• YOUR INSTRUCTIONS
Images should be left out, and everything else in the listing reproduced exactly.

Top of SUPPLIED DATA

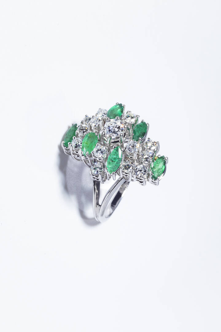 in oro bianco, sommità a cespuglio, con diamanti taglio brillante per totali ct 1,20 ca e smeraldi taglio navette per totali ct 1,0 ca.
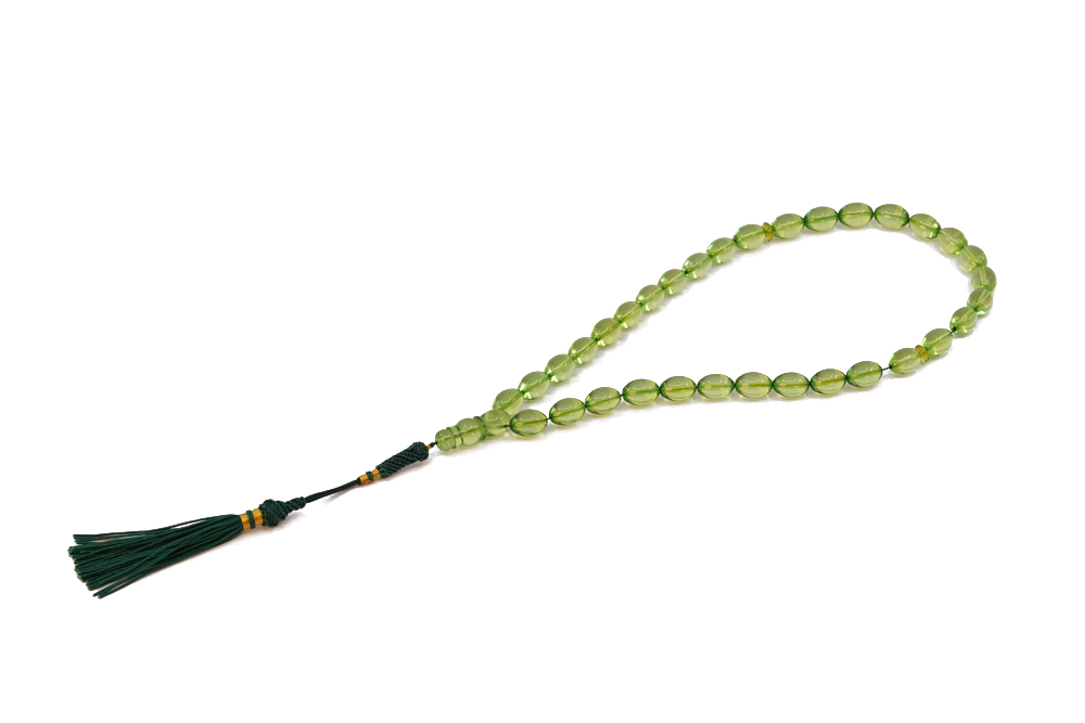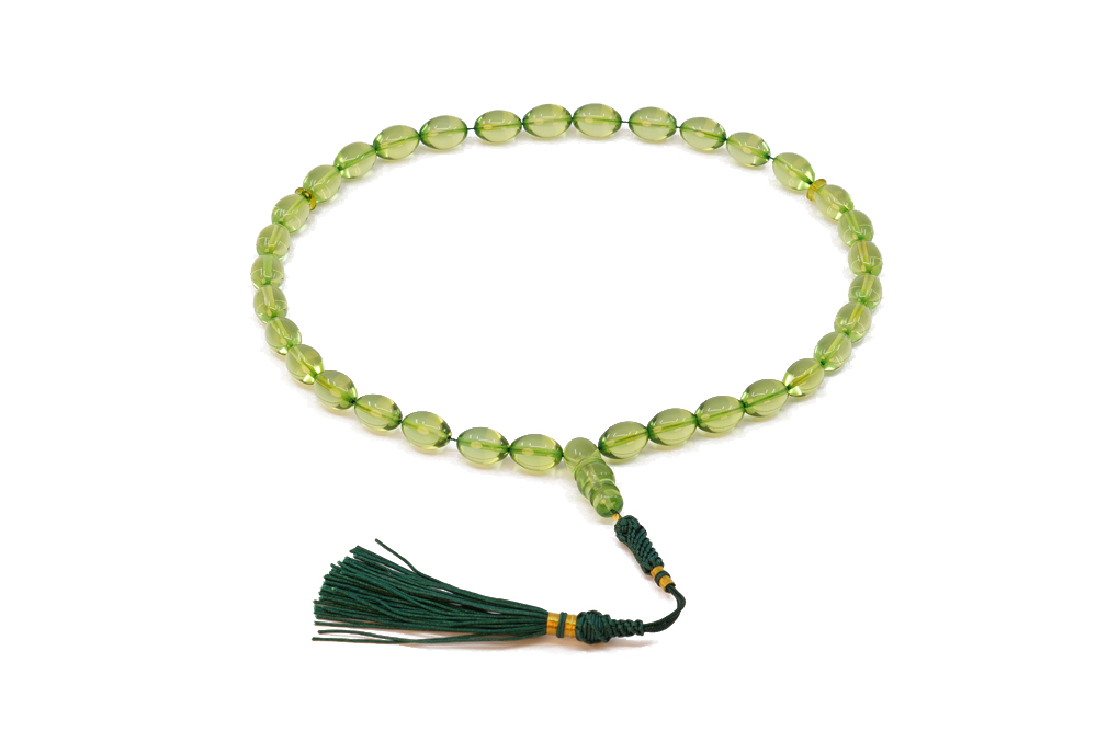 Handcrafted of 33 NATURAL green Amber beads, Amber Imam and cotton tassel. The spacing between the beads is around 2-3 beads wide. Free World Wide Delivery and Handmade Luxury Gift box.
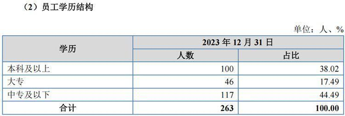 截至2024年12月31日,德芯科技拥有研发人员89人,占比为34.1%;截至2023年12月31日,该公司的大专及大专及以下员工数量为163人,占员工总数的61.98%。

Bottom of SUPPLIED DATA

• TASK RESPONSE
 in oro bianco, sommità a cespuglio, con diamanti taglio brillante per totali ct 1,20 ca e smeraldi taglio navette per totali ct 1,0 ca.
 Handcrafted of 33 NATURAL green Amber beads, Amber Imam and cotton tassel. The spacing between the beads is around 2-3 beads wide. Free World Wide Delivery and Handmade Luxury Gift box.
 截至2024年12月31日,德芯科技拥有研发人员89人,占比为34.1%;截至2023年12月31日,该公司的大专及大专及以下员工数量为163人,占员工总数的61.98%。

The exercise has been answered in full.